[IMF] Redistribution, Inequality, and Growth

"Economists are increasingly focusing on the links between rising inequality and the fragility of growth. Narratives include the relationship between inequality, leverage and the financial cycle, which sowed the seeds for crisis; and the role of political-economy factors (especially the influence of the rich) in allowing financial excess to balloon ahead of the crisis. In earlier work, we documented a multi-decade cross-country relationship between inequality and the fragility of economic growth. Our work built on the tentative consensus in the literature that inequality can undermine progress in health and education, cause investment-reducing political and economic instability, and undercut the social consensus required to adjust in the face of shocks, and thus that it tends to reduce the pace and durability of growth."

"Our main findings are:
First, more unequal societies tend to redistribute more. It is thus important in understanding the growth-inequality relationship to distinguish between market and net inequality.

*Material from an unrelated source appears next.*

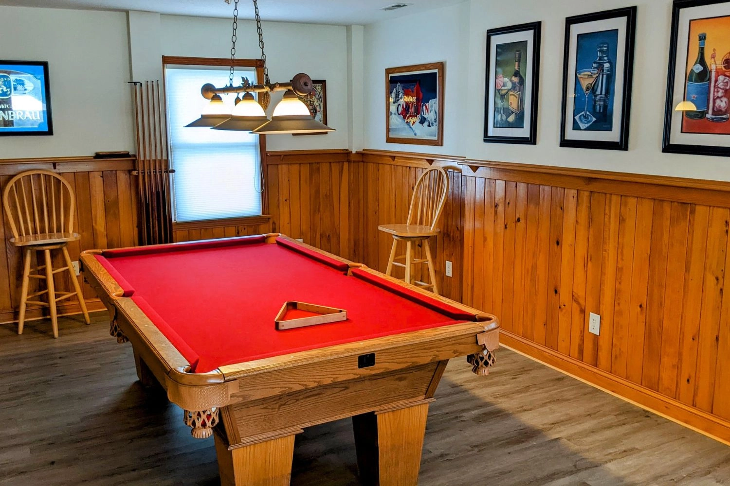 "The house was spacious enough for our group of 17. The kitchen was equipped with everything we needed to make meals. We had a couple babies under the age of 1 and there was baby gear provided, such as a high chair and baby gate to block the stairs. The game room downstairs was an area that got lots of use from all age groups. The kids loved the arcade games. The weather didn’t provide us much opportunity to use the pool, but the playground area was nice to be able to use in the cooler temps."

Second, lower net inequality is robustly correlated with faster and more durable growth, for a given level of redistribution. These results are highly supportive of our earlier work.
And third, redistribution appears generally benign in terms of its impact on growth; only in extreme cases is there some evidence that it may have direct negative effects on growth. Thus the combined direct and indirect effects of redistribution—including the growth effects of the resulting lower inequality—are on average pro-growth."